Exercise —
Find the line below with "<英文版: http://e". Print it and every line after it exactly, through the last line, leaving out the pictures.
= Beginning of Section =
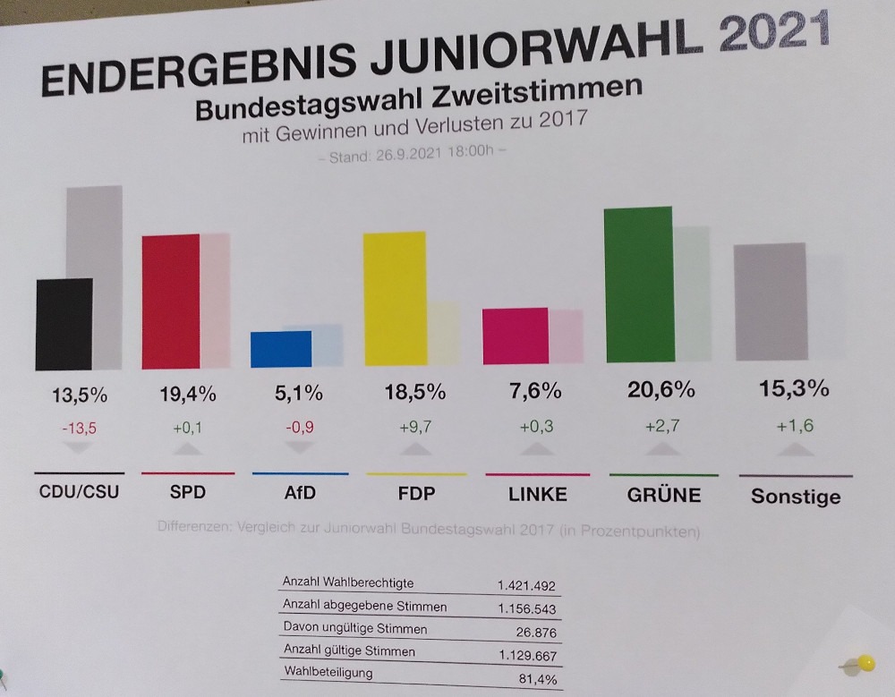Am 26. September war es so weit – Bundestagswahl in Deutschland. Unter 18-Jährige, dürfen noch nicht wählen. Wer zum ersten Mal wählen darf, verliert schnell den Überblick: Wahlscheine, Wahlkreise, Erst- und Zweitstimmen? Die Juniorwahlen bieten die Möglichkeit, Demokratie zu erproben. Unsere Schülerinnen und Schüler bereiten sich im Unterricht auf die Wahl vor und setzen am Wahltag in der Schule ihr Kreuz.
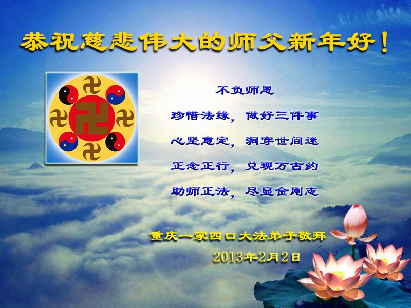 <英文版: http://en.minghui.org/html/articles/2013/2/11/137669.html>美国加州西雅图犹他夏威夷大法弟子向师尊拜年(8条)
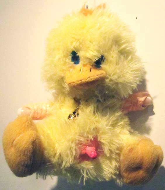 found stuffed animal, paper, nail polish, acrylic nails, metal skull chain
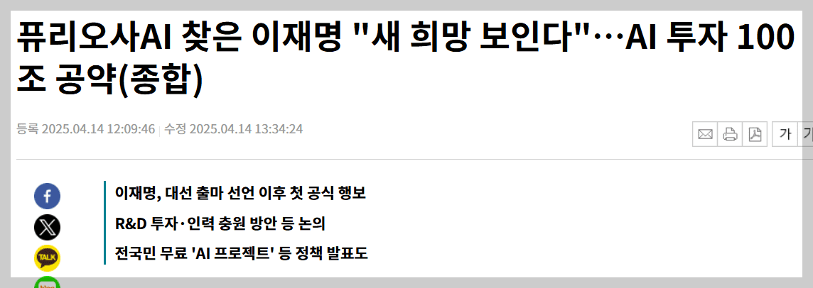 -이재명 후보의 대선 출마 선언 이후 첫 공식 행보로 '퓨리오사ai'를 찾았습니다. 연구개발(R&D) 투자와 인재 육성 방안 등을 백준호 대표, 구본철*이주윤 연구원등과 함께 비공식 간담회를 진행하였습니다. 이재명 캠프의 대변인은 이날 퓨리오사AI를 "글로벌 AI 반도체 시장에서 한국산 시룰력 저력을 보여주고 있는 스타트업", "한국AI 반도체 양산", "K-엔비디아 육성 정책" 등과같이 표현하였습니다. 이날 AI 산업에 100조원을 투자하고 국가AI 데이터 클러스터를 조성하자는 AI 정책*공약을 발표하였습니다.
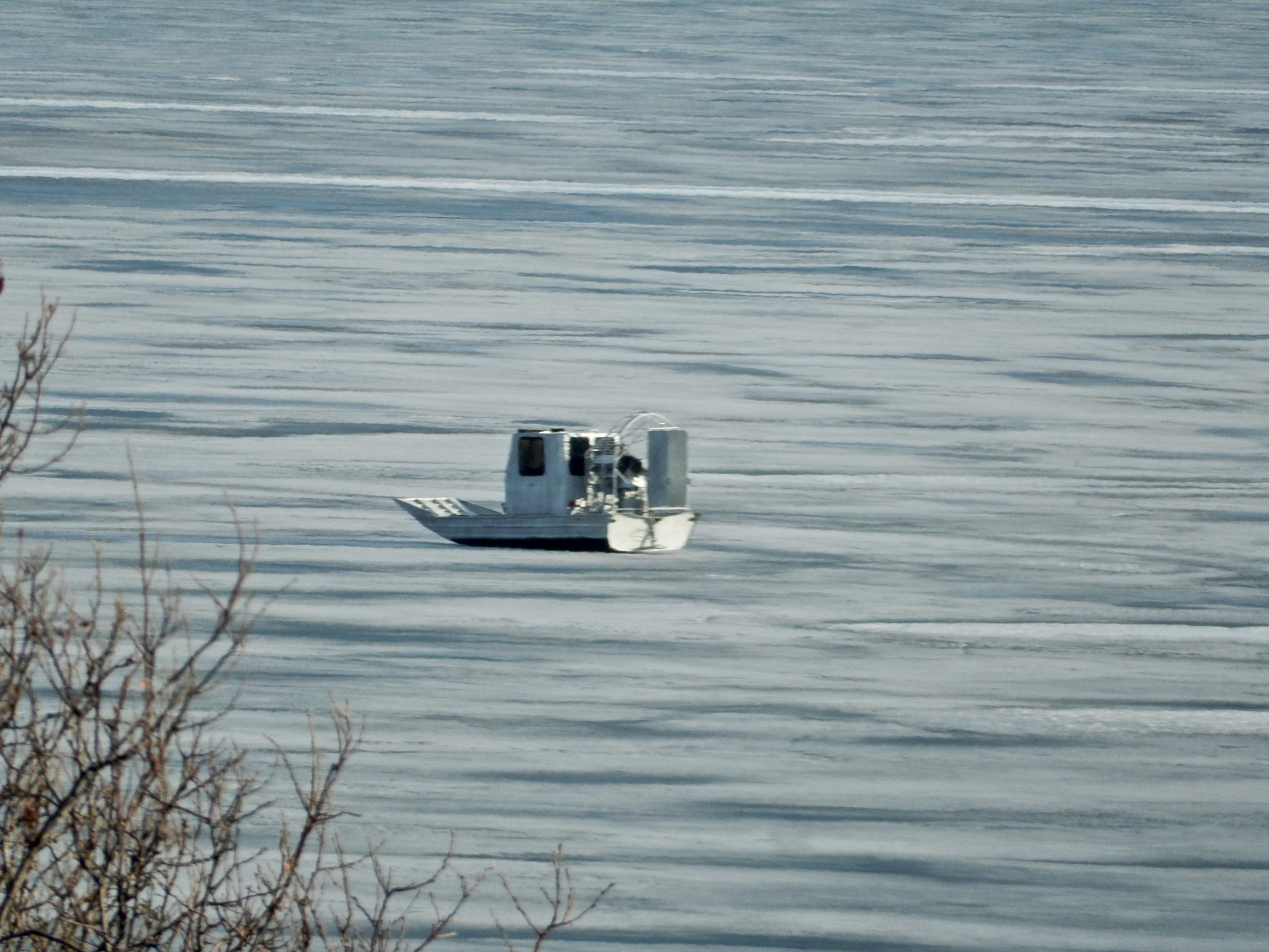 … you don’t want to take any risks. This outfitter is taking out hunters across the Atlin Lake for wolf hunts. His boat is noisy and was designed for swamps, but hey, it works just fine on ice.
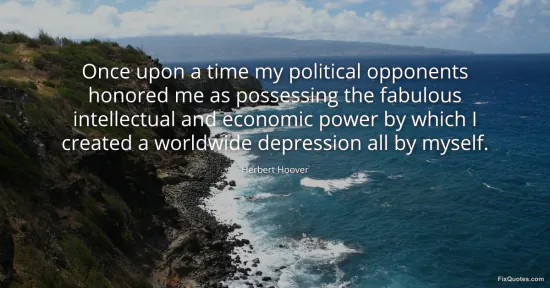 Hoover, Herbert. "Once upon a time my political opponents honored me as possessing the fabulous intellectual and economic power by which I created a worldwide depression all by myself." FixQuotes. January 18, 2026. https://fixquotes.com/quotes/once-upon-a-time-my-political-opponents-honored-19989/.
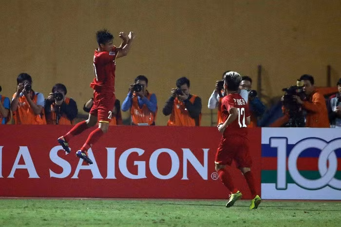 Văn Đức chạy ra đường biên ăn mừng bàn thắng theo phong cách Cristiano Ronaldo.
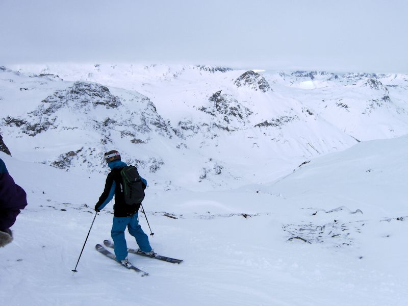 The snow was soft, but fairly heavy and so was hard on the legs compared to pure powder or piste and all the four of us skiing with the guide were tired by the end.
= End of Section =
Answer for this exercise —
 <英文版: http://en.minghui.org/html/articles/2013/2/11/137669.html>美国加州西雅图犹他夏威夷大法弟子向师尊拜年(8条)
 found stuffed animal, paper, nail polish, acrylic nails, metal skull chain
 -이재명 후보의 대선 출마 선언 이후 첫 공식 행보로 '퓨리오사ai'를 찾았습니다. 연구개발(R&D) 투자와 인재 육성 방안 등을 백준호 대표, 구본철*이주윤 연구원등과 함께 비공식 간담회를 진행하였습니다. 이재명 캠프의 대변인은 이날 퓨리오사AI를 "글로벌 AI 반도체 시장에서 한국산 시룰력 저력을 보여주고 있는 스타트업", "한국AI 반도체 양산", "K-엔비디아 육성 정책" 등과같이 표현하였습니다. 이날 AI 산업에 100조원을 투자하고 국가AI 데이터 클러스터를 조성하자는 AI 정책*공약을 발표하였습니다.
 … you don’t want to take any risks. This outfitter is taking out hunters across the Atlin Lake for wolf hunts. His boat is noisy and was designed for swamps, but hey, it works just fine on ice.
 Hoover, Herbert. "Once upon a time my political opponents honored me as possessing the fabulous intellectual and economic power by which I created a worldwide depression all by myself." FixQuotes. January 18, 2026. https://fixquotes.com/quotes/once-upon-a-time-my-political-opponents-honored-19989/.
 Văn Đức chạy ra đường biên ăn mừng bàn thắng theo phong cách Cristiano Ronaldo.
 The snow was soft, but fairly heavy and so was hard on the legs compared to pure powder or piste and all the four of us skiing with the guide were tired by the end.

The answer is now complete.